■ WORK TASK
Pictures stay out, but every line of the data is copied exactly.
++++
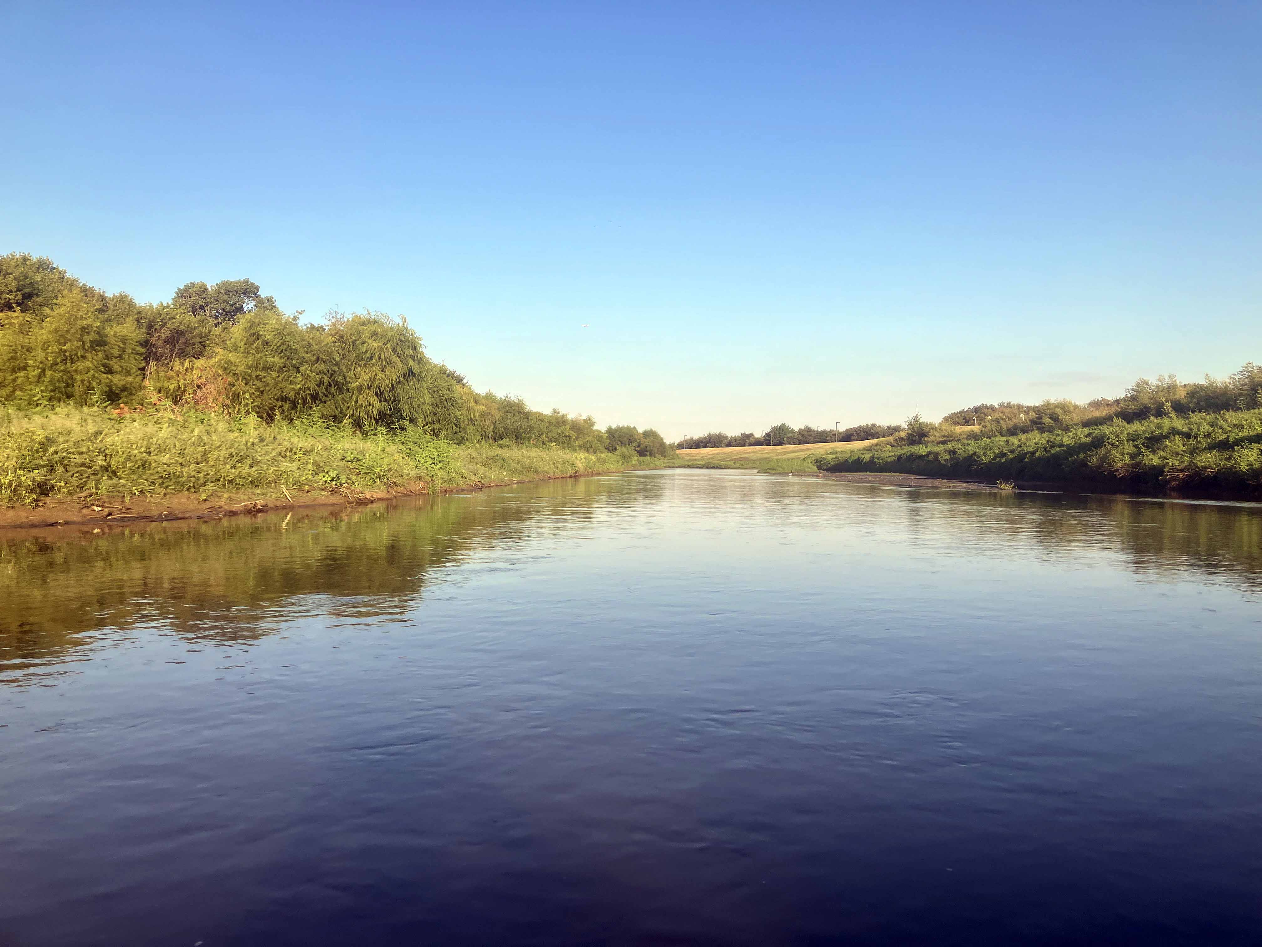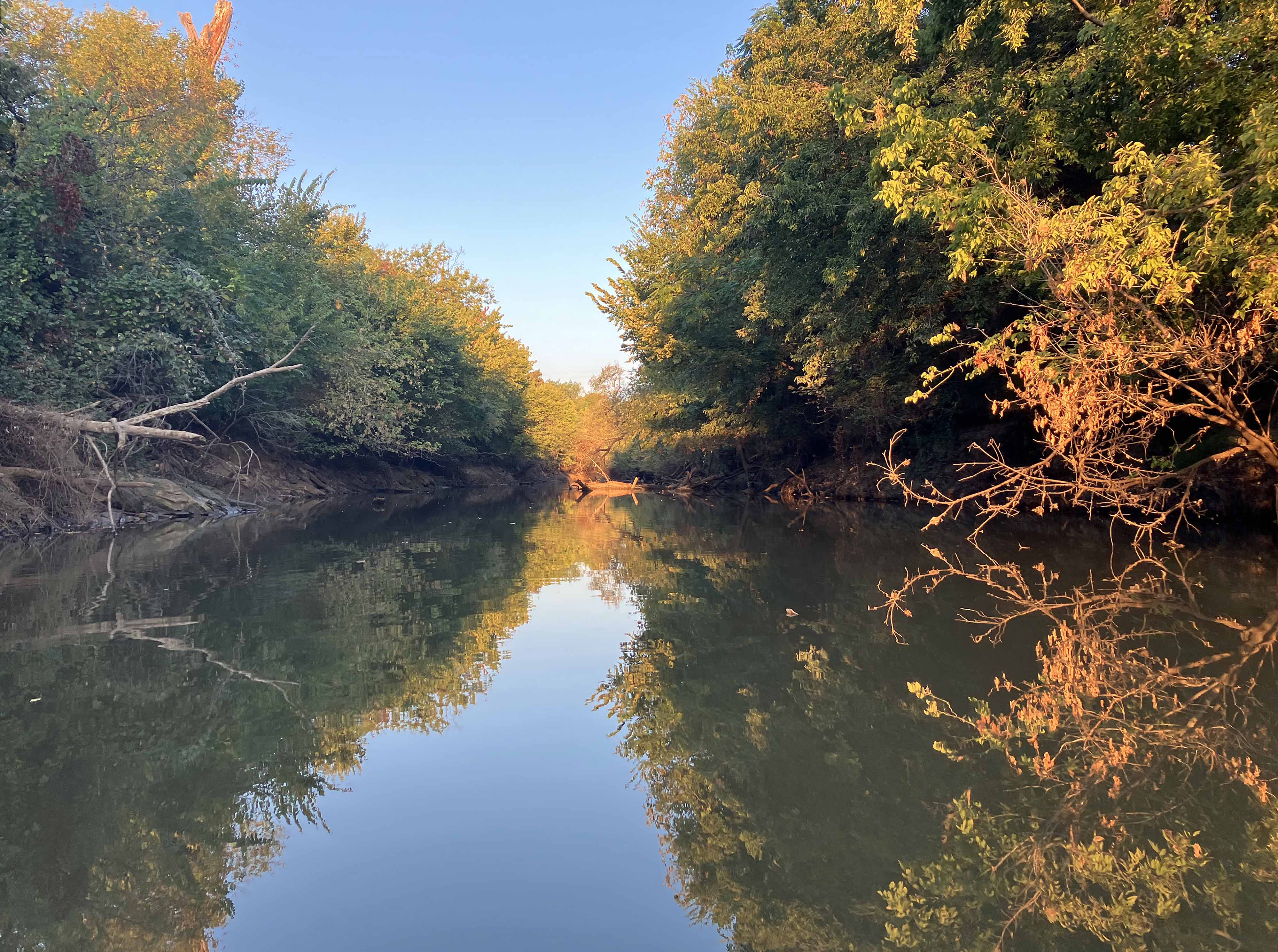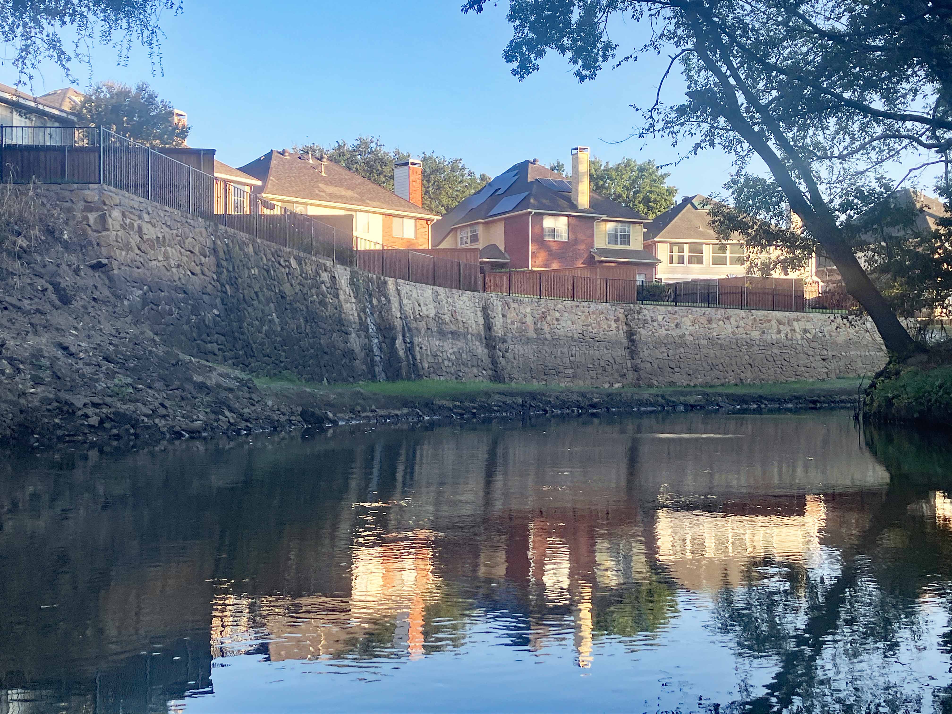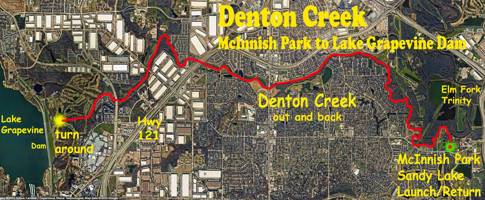 The above kayak route map (click on map to enlarge) shows an out and back on Denton Creek starting at the McInnish Park Launch in Carrollton Texas. The idea was to paddle upstream to the dam at Lake Grapevine, then paddle back. The creek winds in and around some large homes which is kind of interesting, and near Grapevine there is plane after plane coming in from the north preparing for landing at DFW airport. It’s definitely an urban float. Complications to the route are possible log jams that must be portaged, and there is a wide section of river about the half way point that can be a bit shallow (and sometimes too shallow). Towards the end of the wide section, in the upstream direction, is a 1 foot spillway (edit; the spillway is now a stone barrier; you can instead paddle a narrow bypass channel; another such bypass occurs just upstream as well. However, the bypass channels are new routes for the creek and are lined with trees. With flooding those trees will undoubtedly fall across the channels blocking them both. Will be curious to see what happens here.). Note also there is a steel pipe a mile or so upstream of the launch that you have to go under or around depending on the water level; for this trip I went under (~80 cfs is fine e.g.). The last bit just before the dam is riffles and so I had to pull the boat up this stretch to actually reach the golf course bridge and the ‘Restricted Area’ sign. Pretty nice paddle, and an interesting alternative to the usual McInnish-Elm Fork route.
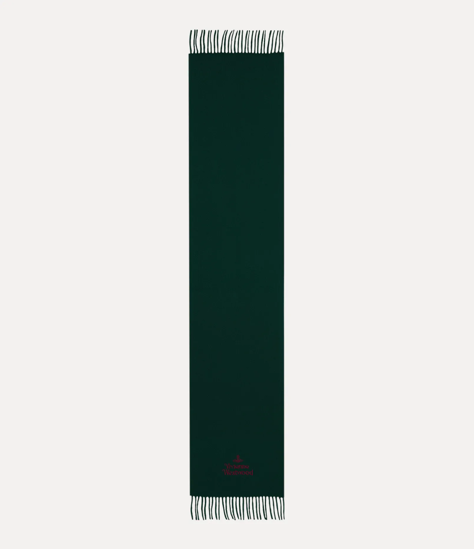 Our Embroidered scarf, crafted in Italy from wool, features long fringed edges and showcases the house’s signature lettering and orb motif embroidered in contrasting thread, embodying Vivienne’s commitment to launching tradition into the future.
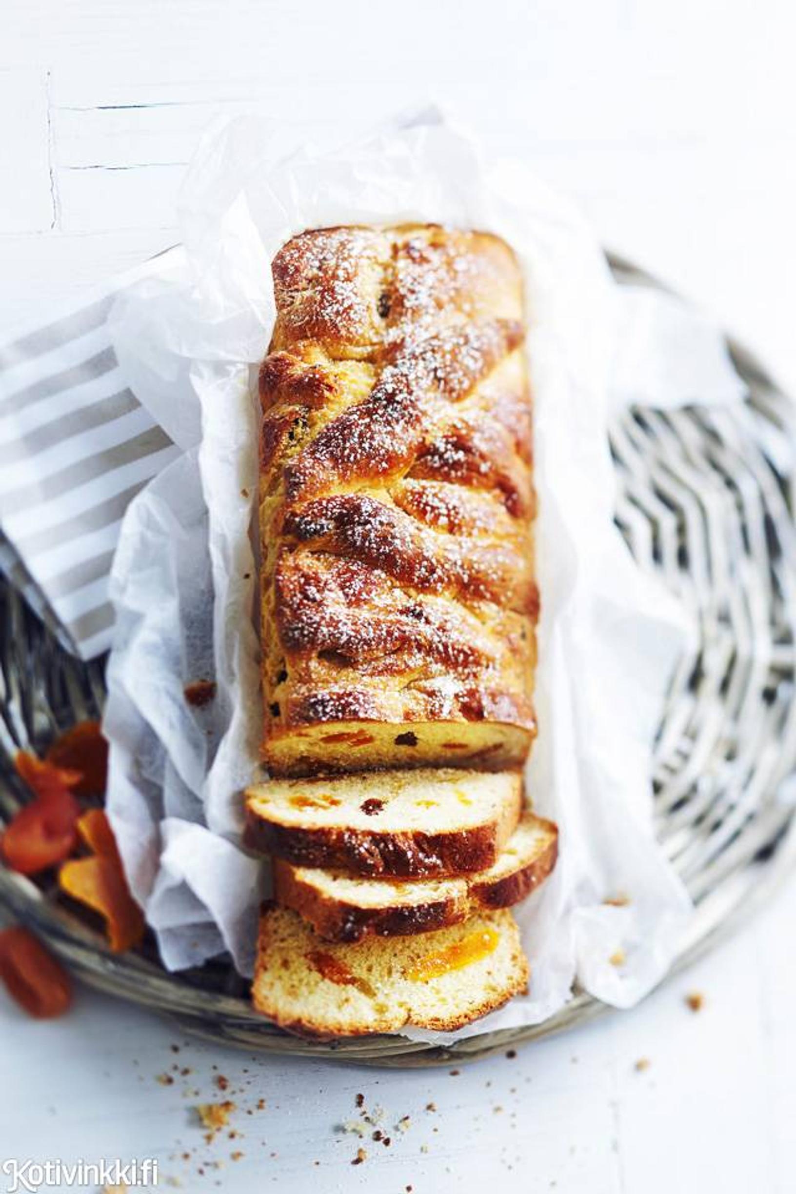 Rahkapulla kuuluu pääsiäiseen! Letitetty taikina antaa pääsiäispullalle kauniin reunan. Sitruunainen rahkatäyte varmistaa ihanan maun ja aprikoosi kauniin ulkonäön.
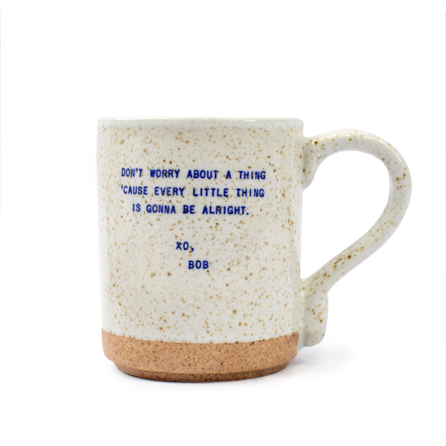 Speckled ceramic mug with quote “Keep it lit. XO, Rudolph.”
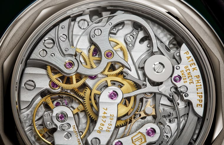 ▲結構複雜的CH 29-535 PS Q機芯在錶背一覽無遺,百達翡麗講究的工藝水準從零件的細膩度可見一斑。
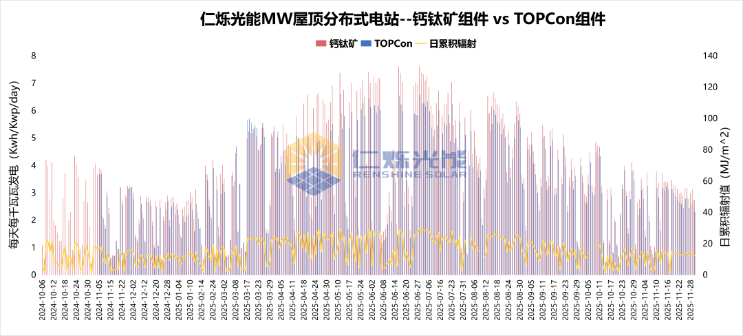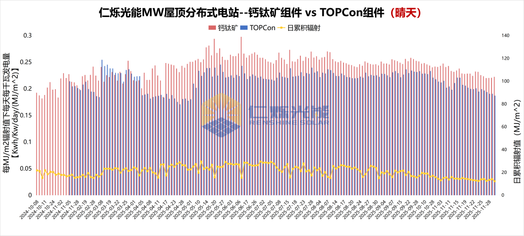 在辐照度相近(晴天)环境中,钙钛矿组件发电能力相当,无衰减趋势,整体优于晶硅组件。
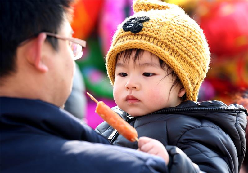 泰城街头,顽童将刚买的肉串放在爸爸嘴边让他吃第一口。
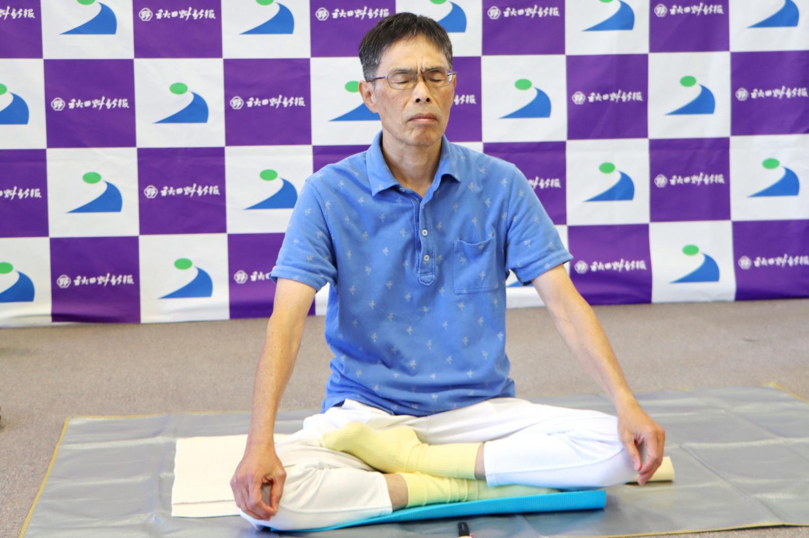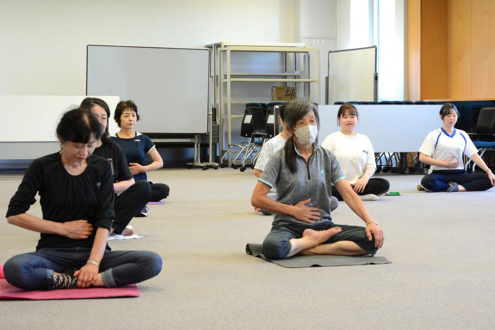 【いつでも青春キャンパス】シニア大学生、精神統一 中沢学部長・教授によるヨガ教室
++++
■ ANSWER BOX
 The above kayak route map (click on map to enlarge) shows an out and back on Denton Creek starting at the McInnish Park Launch in Carrollton Texas. The idea was to paddle upstream to the dam at Lake Grapevine, then paddle back. The creek winds in and around some large homes which is kind of interesting, and near Grapevine there is plane after plane coming in from the north preparing for landing at DFW airport. It’s definitely an urban float. Complications to the route are possible log jams that must be portaged, and there is a wide section of river about the half way point that can be a bit shallow (and sometimes too shallow). Towards the end of the wide section, in the upstream direction, is a 1 foot spillway (edit; the spillway is now a stone barrier; you can instead paddle a narrow bypass channel; another such bypass occurs just upstream as well. However, the bypass channels are new routes for the creek and are lined with trees. With flooding those trees will undoubtedly fall across the channels blocking them both. Will be curious to see what happens here.). Note also there is a steel pipe a mile or so upstream of the launch that you have to go under or around depending on the water level; for this trip I went under (~80 cfs is fine e.g.). The last bit just before the dam is riffles and so I had to pull the boat up this stretch to actually reach the golf course bridge and the ‘Restricted Area’ sign. Pretty nice paddle, and an interesting alternative to the usual McInnish-Elm Fork route.
 Our Embroidered scarf, crafted in Italy from wool, features long fringed edges and showcases the house’s signature lettering and orb motif embroidered in contrasting thread, embodying Vivienne’s commitment to launching tradition into the future.
 Rahkapulla kuuluu pääsiäiseen! Letitetty taikina antaa pääsiäispullalle kauniin reunan. Sitruunainen rahkatäyte varmistaa ihanan maun ja aprikoosi kauniin ulkonäön.
 Speckled ceramic mug with quote “Keep it lit. XO, Rudolph.”
 ▲結構複雜的CH 29-535 PS Q機芯在錶背一覽無遺,百達翡麗講究的工藝水準從零件的細膩度可見一斑。
 在辐照度相近(晴天)环境中,钙钛矿组件发电能力相当,无衰减趋势,整体优于晶硅组件。
 泰城街头,顽童将刚买的肉串放在爸爸嘴边让他吃第一口。
 【いつでも青春キャンパス】シニア大学生、精神統一 中沢学部長・教授によるヨガ教室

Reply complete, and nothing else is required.